3. Personalized customer experience
Customers have come to expect personalized service when interacting with digital services and products. IoT data and the analysis of this data can enhance business insights and the ability to create the best experience for customers. IoT data reveals a wealth of customer behaviors and preferences. Over time, the cumulative IoT data can be analyzed and paired with machine learning algorithms, to build a more customized experience for each customer and can even begin to predict customer needs. For example, if a customer asks their virtual assistants to order take out dinner and play jazz music several evenings per week, that data can be used to improve that customer’s experiences and give personalized recommendation across other products on the same platform.
4. Product improvement and innovation
IoT data tracks product performance metrics for all kinds of connected devices, such as automobiles and smart home gadgets. IoT analytics can use these metrics to improve the next generation of product and even predict possible product glitches or failures. The result of IoT data analytics can also be used to identify future consumer needs and leveraged to spark innovation of new products.
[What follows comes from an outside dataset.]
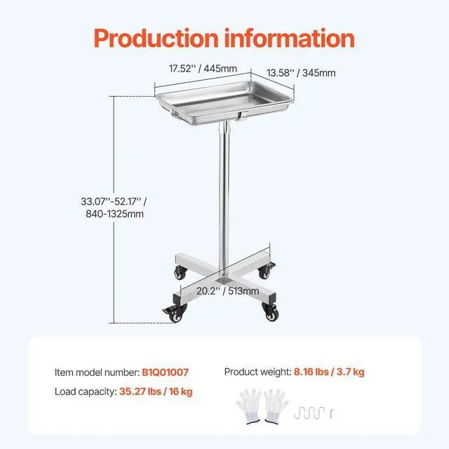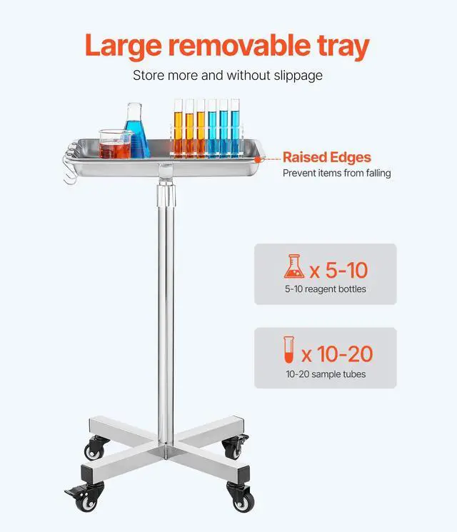 Mobile Mayo Stand Stainless Steel Mayo Tray 25.2"-39.8" with Removable Tray

5. Energy sector and smart meters
The energy sector is beginning to embrace IoT technology with the use of smart meters. These web-connected devices eliminate the need for meter readers by transmitting accurate energy usage data directly back to the data center. IoT data, coupled with analytics, will improve real-time monitoring, diagnostics into system irregularities, and allow energy companies to predict and forecast potential energy spikes and future outages.
The popularity of IoT devices over the past few years has brought with it an abundance of data. Data is continuously streaming from smartphones, smart home devices, and connected automobiles, to name just a few. For enterprises seeking to capture and capitalize on IoT data, it is important to plan and build a robust IT solution that can integrate this high velocity of data and analyze it. It is IoT analytics that unlocks the value of IoT data.